• Work task: Only the lines below between the one holding "当是时,请务必借鉴武汉等地大" and the one holding "One standout was", inclusive, are to be reproduced word for word; the pictures are to be left out.

• Supplied information:
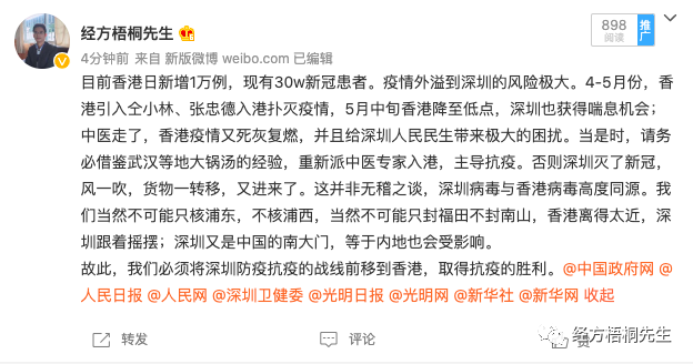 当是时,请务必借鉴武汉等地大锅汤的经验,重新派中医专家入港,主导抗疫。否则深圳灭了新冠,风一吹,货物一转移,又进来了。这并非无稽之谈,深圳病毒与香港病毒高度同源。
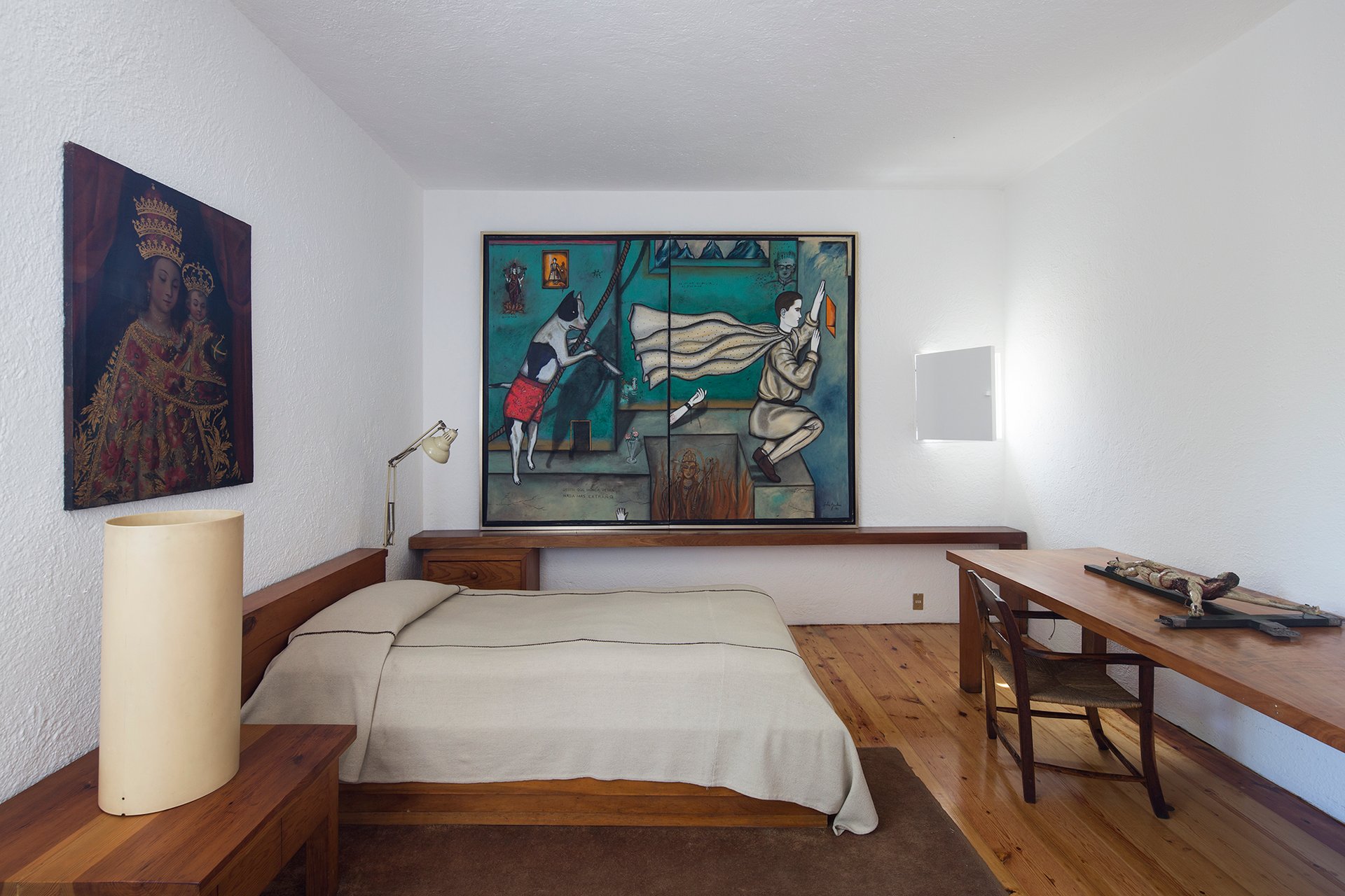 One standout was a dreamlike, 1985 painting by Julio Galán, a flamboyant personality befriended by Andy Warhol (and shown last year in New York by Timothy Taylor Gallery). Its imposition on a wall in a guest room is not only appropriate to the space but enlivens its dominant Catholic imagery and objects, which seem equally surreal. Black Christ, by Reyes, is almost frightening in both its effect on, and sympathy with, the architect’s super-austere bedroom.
---
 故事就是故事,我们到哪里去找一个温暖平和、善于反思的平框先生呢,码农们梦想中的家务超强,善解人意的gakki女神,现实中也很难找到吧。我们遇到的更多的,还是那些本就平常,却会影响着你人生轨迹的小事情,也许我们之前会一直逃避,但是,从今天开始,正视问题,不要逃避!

• Written response:
 当是时,请务必借鉴武汉等地大锅汤的经验,重新派中医专家入港,主导抗疫。否则深圳灭了新冠,风一吹,货物一转移,又进来了。这并非无稽之谈,深圳病毒与香港病毒高度同源。
 One standout was a dreamlike, 1985 painting by Julio Galán, a flamboyant personality befriended by Andy Warhol (and shown last year in New York by Timothy Taylor Gallery). Its imposition on a wall in a guest room is not only appropriate to the space but enlivens its dominant Catholic imagery and objects, which seem equally surreal. Black Christ, by Reyes, is almost frightening in both its effect on, and sympathy with, the architect’s super-austere bedroom.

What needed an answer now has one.